米Microsoftは7月12日(現地時間)、同社が今秋リリースを予定しているWindows Phone 7用アプリの開発ツール「Windows Phone Developer Tools Beta」の無償提供を開始したと発表した。同社開発者サイトより現在ダウンロードが可能になっている。対応OSはWindows Vista SP2またはWindows 7以上で、2GB以上のメモリとDirectX 10をサポートしたグラフィックカードならびにWDDM 1.1ドライバが必要。

Windows Phone Developer Toolsは、今年3月に米ネバダ州ラスベガスで開催されていたMIX 10でMicrosoftが提供を開始したツールの一般提供向けベータ版。3月時点では一部開発者を対象にしたCTP(Community Technology Preview)という扱いだったが、何回かの機能アップデートを経て正式版リリース前に一般向けベータとして公開された。

今回提供されたWindows Phone Developer Tools Betaには、下記のツール群が含まれている。

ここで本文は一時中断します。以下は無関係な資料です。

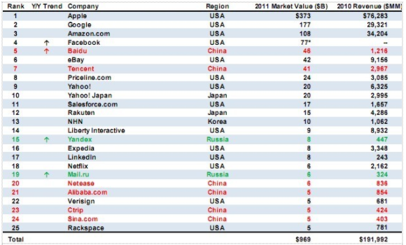 进入前25名的中国企业有:网易第20名,市值60亿美元,2010年营收8.36亿美元。阿里巴巴第21名,市值50亿美元,营收为2010年8.54亿美元。携程排名第23,市值50亿美元,2010年收入4.24亿美元。新浪排名第24,2010年收入4.03亿美元。

  • Visual Studio 2010 Express for Windows Phone Beta
  • Windows Phone Emulator Beta
  • Silverlight for Windows Phone Beta
  • Microsoft Expression Blend for Windows Phone Beta
  • XNA Game Studio 4.0 Beta

Microsoft Expression Blend for Windows Phoneはこれまでエクステンションという扱いでの別提供が行われていたが、今回初めてWindows Phone Developer Toolsの1コンポーネントとして統合された。またDeveloper Registration Utilityというユーティリティが付属しており、これを使うことでWindows Phone 7デバイスを開発用として"アンロック"することが可能になる。こうしてアンロックされたWP7デバイスには、XAP Deployment Toolを使って自身の作成したアプリやツールなどを転送できるようになる。またAPIやテンプレート群もアップデートされており、特にこれまで複数の異なるファイルとしてバラバラに提供されていたDLL群が「Microsoft.Phone.dll」の名称で1つにまとめられている。

また、現時点ではアプリ開発はツール付属のWindows Phone Emulatorを使うしかないが、Microsoftによれば7月19日より開発者を対象にしたサンプルデバイスの提供を開始し、実機でのテストを可能にする予定だという。だがデバイス自体の絶対数が少ないため、主要都市を対象にしたアプリ配布とテスト検証のためのラボを用意して、ここを開発者向けに公開する形態がメインになるようだ。詳細については米MicrosoftのWindows Phone 7チームディレクターのBrandon Watson氏のBlogへの投稿内容を参照してほしい。